I am also interested in if there is any theoretical analysis to the stability of computing inverse ill-conditioned matrices.

Thanks Brian, very intuitive examples. The stability is exactly what I am concerned. The high level picture is that I want to solve a document clustering problem which can be finally converted to solve a set of least square problems. Then I get the potentially ill-conditioned matrix M. And now I need to find a good way to solve this problem.

M is guaranteed to be a positive semi-definite (PSD) matrix. There is no guarantee that all eigenvalues are positive. Then, there is a potential problem with my paper because of my careless during the formulation (dmml.asu.edu/users/xufei/Papers/ICDM2011.pdf page 3). So I want to find a ``good'' solution in terms of stability for this matrix inversion problem.
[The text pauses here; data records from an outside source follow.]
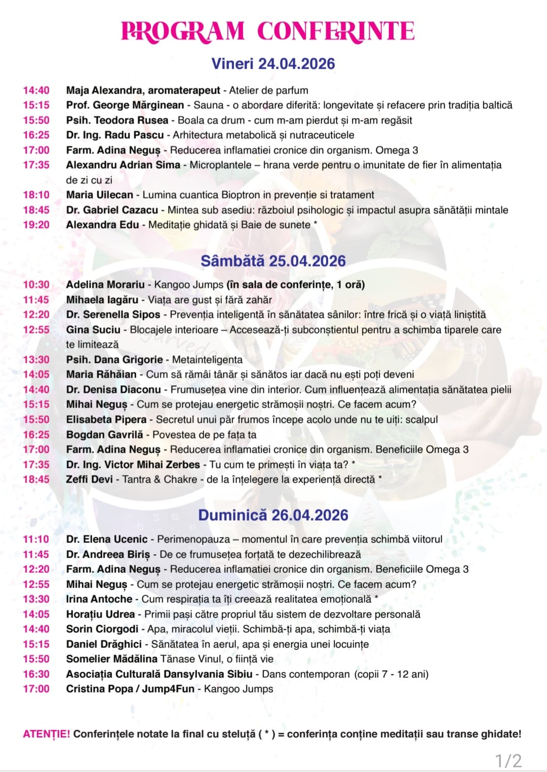 Programul cuprinde și o serie de conferințe susținute de medici, psihologi și farmaciști. Serenella Șipoș va aborda prevenția în sănătatea sânilor, Denisa Diaconu va vorbi despre relația dintre alimentație și sănătatea pielii, iar Elena Ucenic și Andreea Biriș vor susține prezentări legate de sănătatea feminină. De asemenea, farmacistul Adina Neguș va prezenta teme legate de inflamația cronică și beneficiile Omega 3, iar Gabriel Cazacu va aborda impactul stresului asupra sănătății mentale.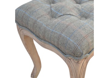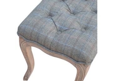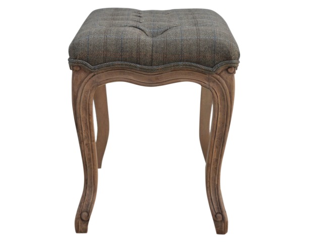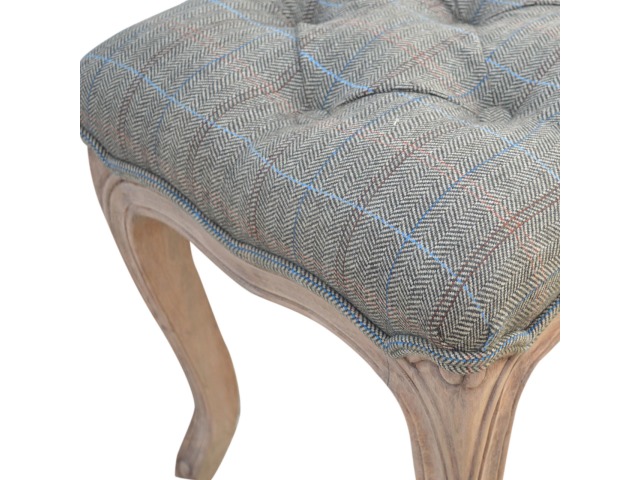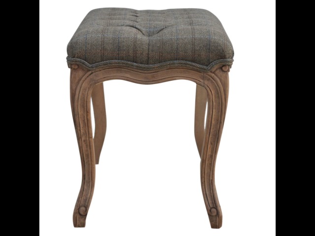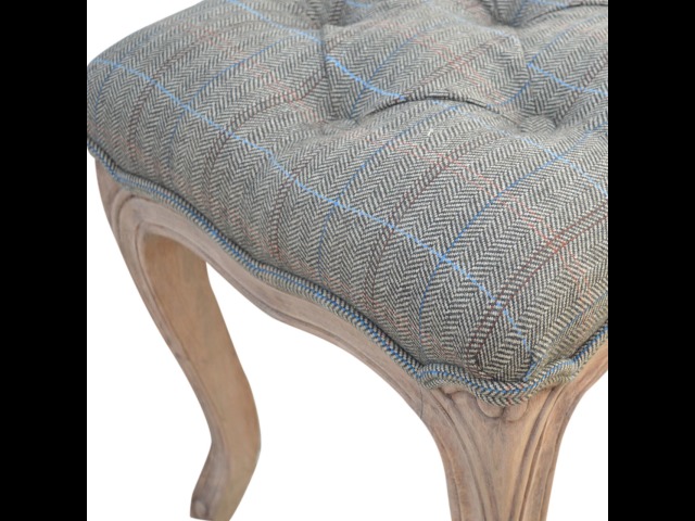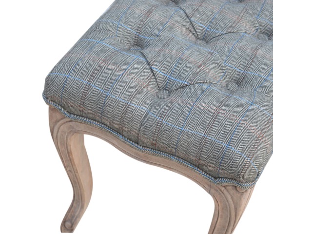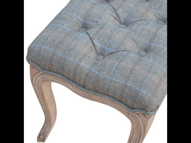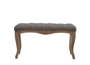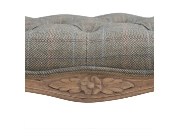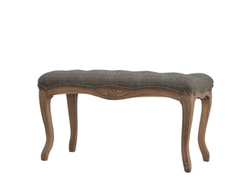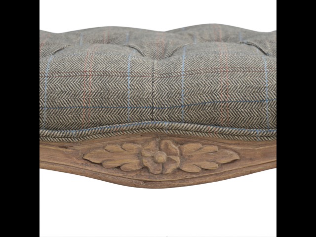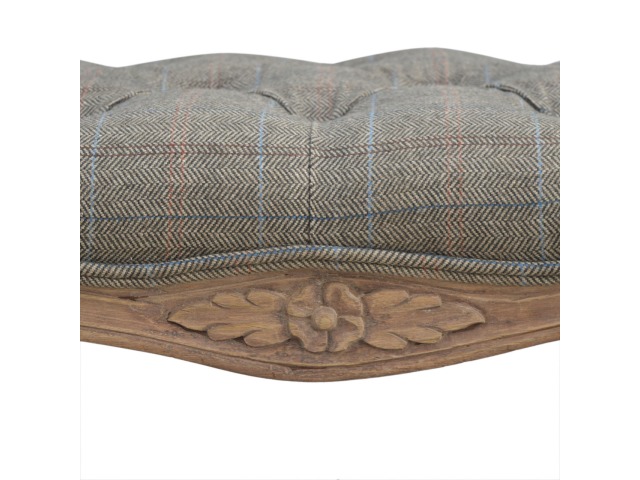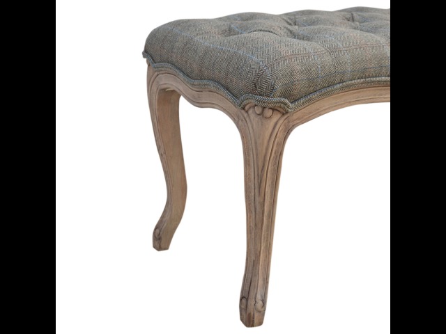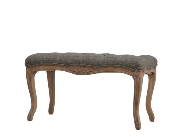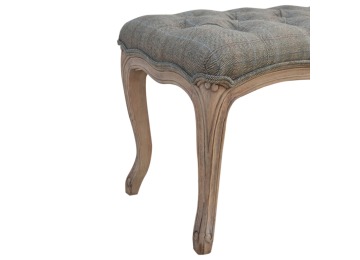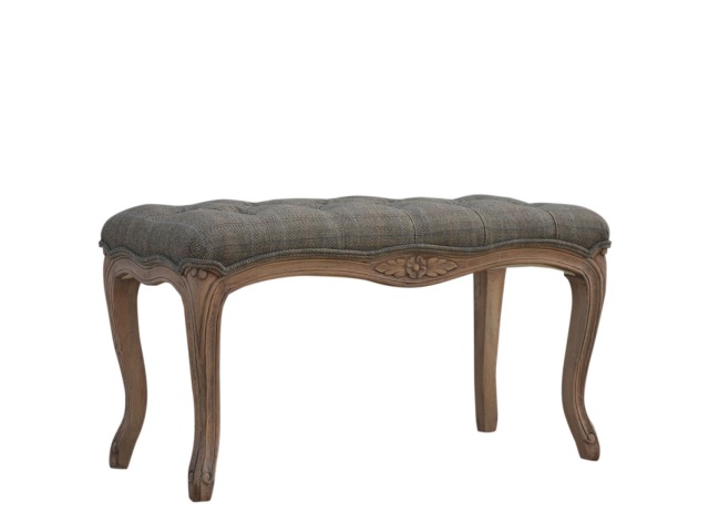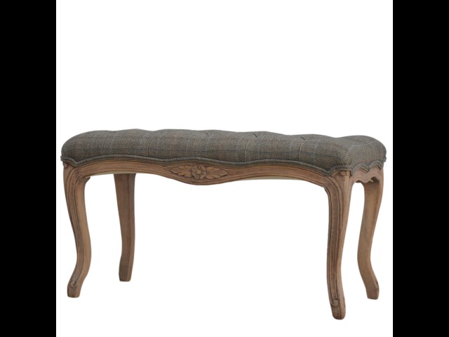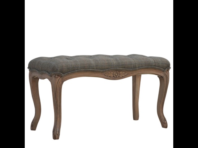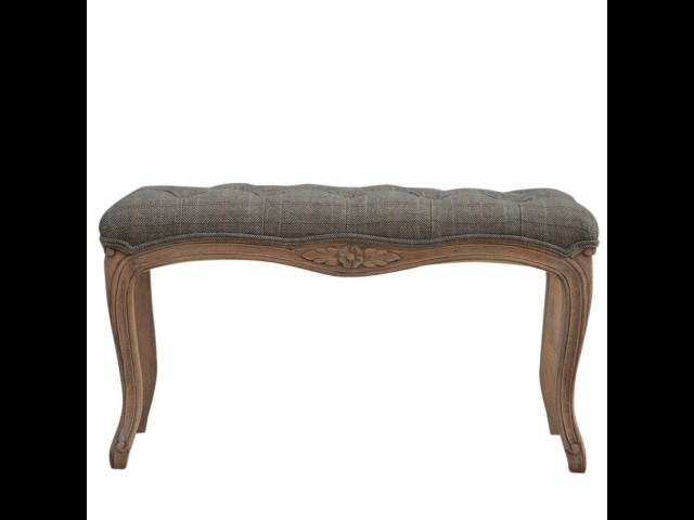 This hand carved bedroom bench has has been exquisitely upholstered in 100% multi tweed and constructed in 100% solid mango wood which has a fine sun bleached finish. Carved from the finest timbers and boasting both intricate carved details, antique brass studs and 4 classical French style cabriole legs, this piece encompasses traditional elegance and can bring a vintage fashion into your bedroom that subtly blends with any interior. You may encounter variations from batch to batch hence if you are looking to pair products under similar room settings; you can opt for a bespoke order or take an informed decision about the possible variations.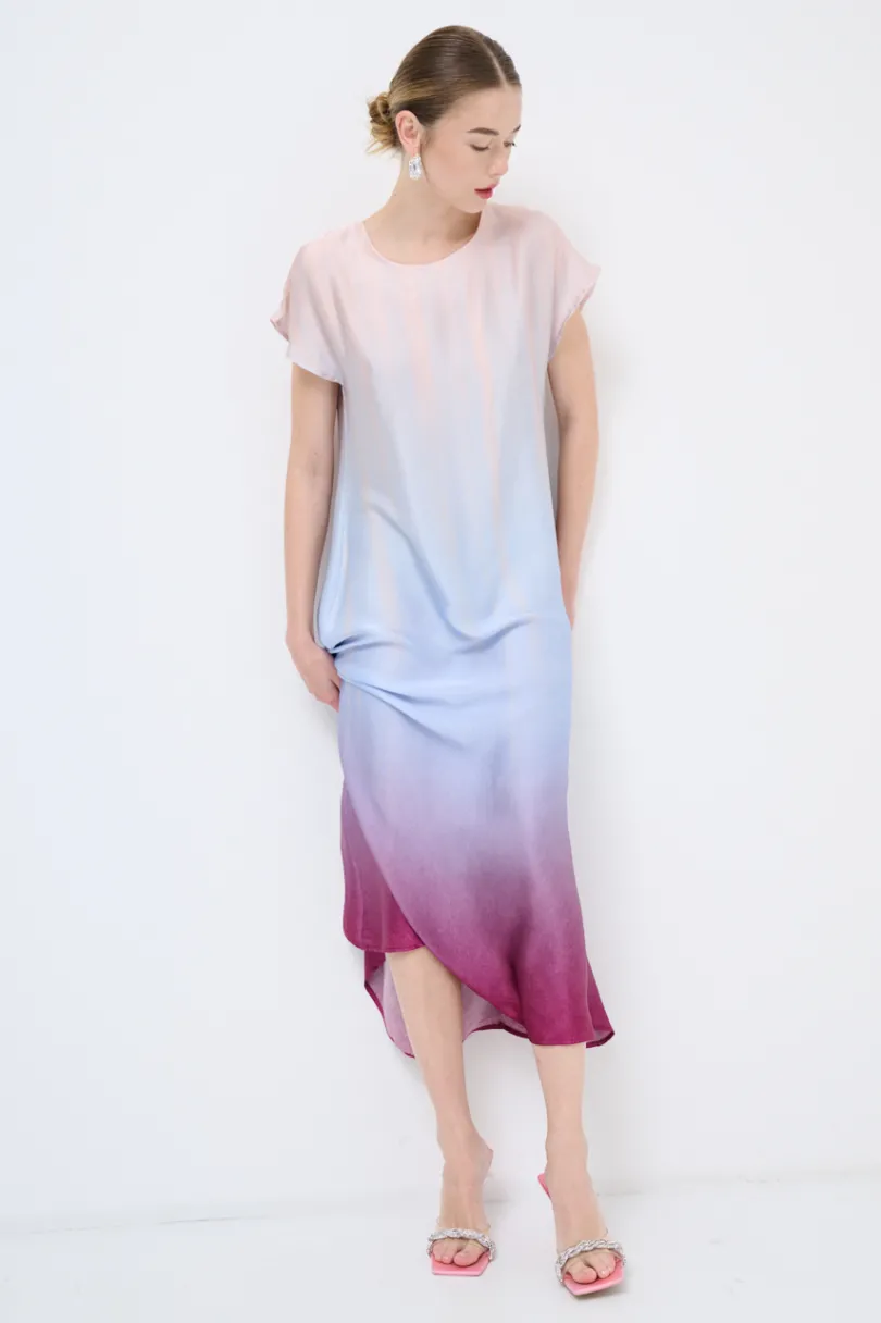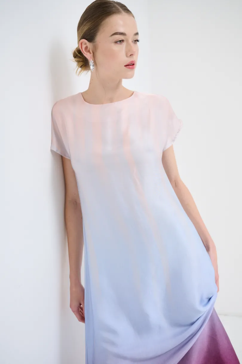Abito lungo sfumato sul fondo, con manica calata ad aletta, scollato a goccia sul retro.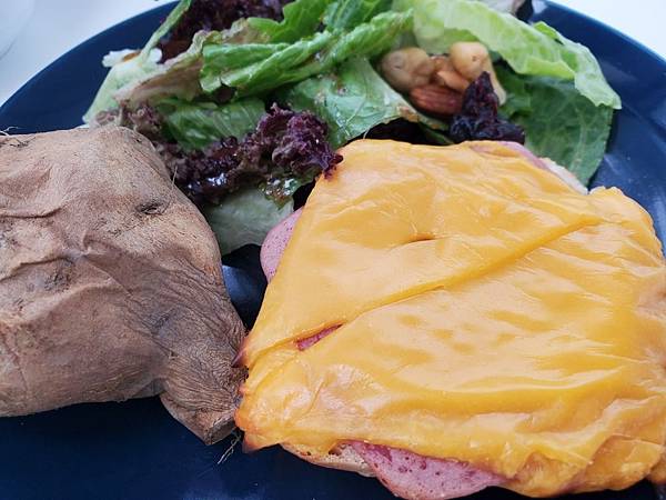 起司火腿搭配147米粒吐司~火腿+起司的鹹香被米吐司的米香沖淡了~整體口感很紮實!!蠻容易飽足的,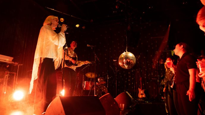 To bongotrommer forsøker å komme seg gjennom folkehavet, og jeg blir presset opp til overetasjen igjen. Ja, faktisk dyttet. Men godt er det, for der venter Solå. På scenen står Sol Sunnanå Eriksen, kjent som Solå, sammen med en gitarist. Med en klar og lys stemme vinner hun raskt kveldens pris for beste vokal med sin lo-fi R&B.
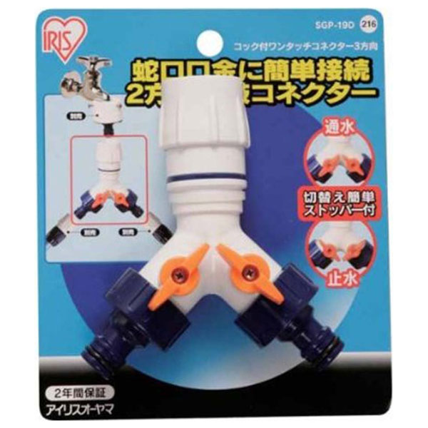 アイリスオーヤマ コック付きワンタッチコネクター2方向 φ12-φ15 (台紙付) SGP-19D 返品種別B
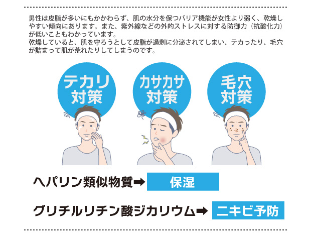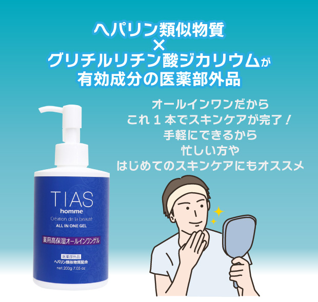 有効成分ヘパリン類似物質とグリチルリチン酸ジカリウムを配合した医薬部外品のオールインワンゲル。これ1本でお風呂上りや洗顔後のお肌ケアできるから、時間のない朝でも楽々です。しっとり潤うのに、お肌になじめばベタつかず、さらっとしたテクスチャーなので、べたつきが苦手な男性にもピッタリです。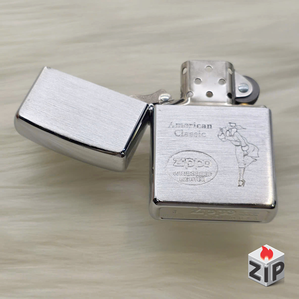 - Chủ đề: Khắc họa hình ảnh một cô gái quyến rũ đang thổi/châm lửa cho zippo, tượng trưng cho sự “windproof” (chống gió) của zippo.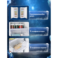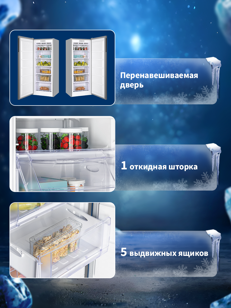| Дополнительная информация | Морозильник имеет 5 выдвижных прозрачных ящиков и 1 отделение с откидной шторкой для размещения продуктов, а также форму для льда, Панель управления модели расположена внутри камеры, механический термостат |

I mean stability. Will these two approaches differ significantly. My application uses the inverse matrix of the PSD matrix to solve the minimization problem, $\min ~ \| M^{1/2} L - M^{-1/2} N \|_F^{2} $ Here matrices M and N are known, and L is to be computed. I minimize the Frobenious norm, which can be solved by a set of least square problems. So different inverse matrices would affect the final solution of L. I would like to see any references discussing the effect of different transformation approaches (from PSD to PD).